* **Brief**: Before copying, set the pictures aside; then repeat every line below verbatim.

* **Exercise data**:
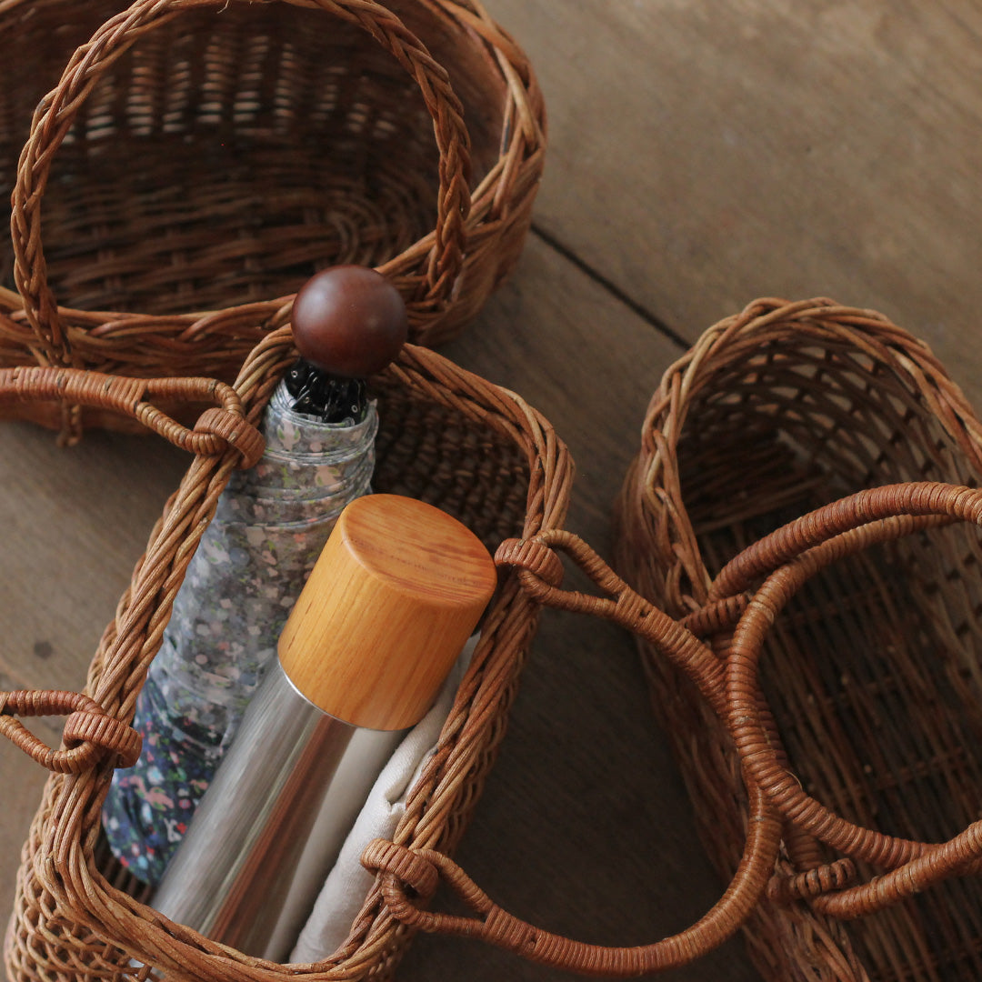 コンパクトなサイズのかごの中では高さのあるデザイン。貴重品に水筒、日傘など、普段の持ち物はしっかり入ります。
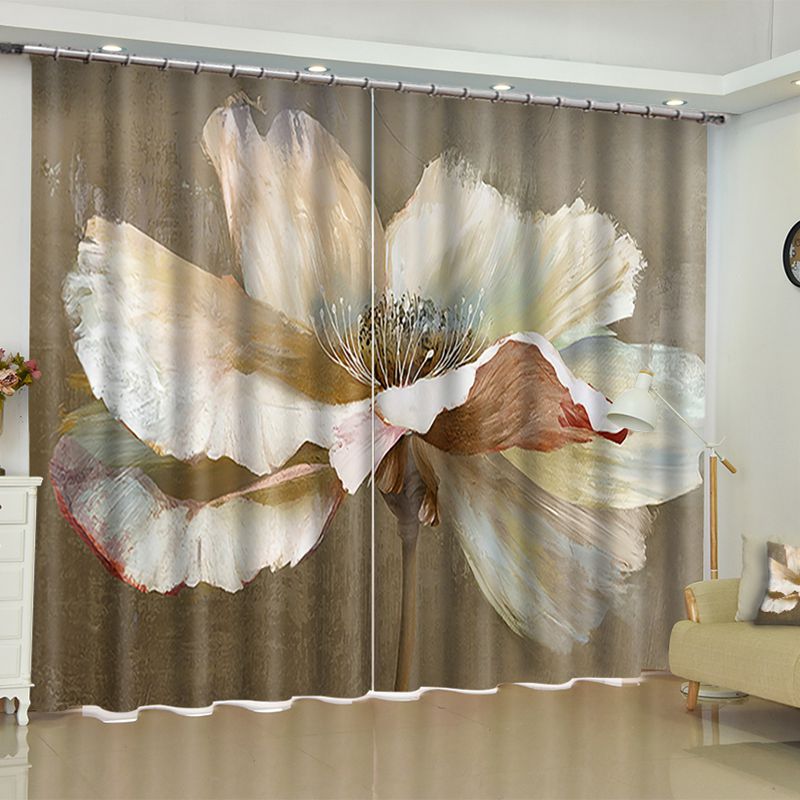 3D Ink Painting White Peony Printed 2 Pieces Custom Blackout Living Room Curtain
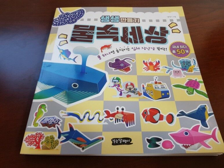 예전 다른 만들기 책들을 볼 때 도안들이 앞부분은 신경을 쓰지만 뒷편은 상대적으로 덜 예쁜 경우가 있다. 하지만 생생만들기 물속세상은 완성 후에 잘 보이지 않는 뒷면까지 세심하게 신경을 썼다는 느낌을 받게 된다. 풀칠을 어디에 해야 하는지까지 표시되어 있다보니 엄마가 잠시 한눈을 팔아도 아이 스스로 만드는데 크게 무리가 없다는 것이 두 아이를 동시 육아하는 상황에서 꾀나 장점으로 다가온다.

* **Output**:
 コンパクトなサイズのかごの中では高さのあるデザイン。貴重品に水筒、日傘など、普段の持ち物はしっかり入ります。
 3D Ink Painting White Peony Printed 2 Pieces Custom Blackout Living Room Curtain
 예전 다른 만들기 책들을 볼 때 도안들이 앞부분은 신경을 쓰지만 뒷편은 상대적으로 덜 예쁜 경우가 있다. 하지만 생생만들기 물속세상은 완성 후에 잘 보이지 않는 뒷면까지 세심하게 신경을 썼다는 느낌을 받게 된다. 풀칠을 어디에 해야 하는지까지 표시되어 있다보니 엄마가 잠시 한눈을 팔아도 아이 스스로 만드는데 크게 무리가 없다는 것이 두 아이를 동시 육아하는 상황에서 꾀나 장점으로 다가온다.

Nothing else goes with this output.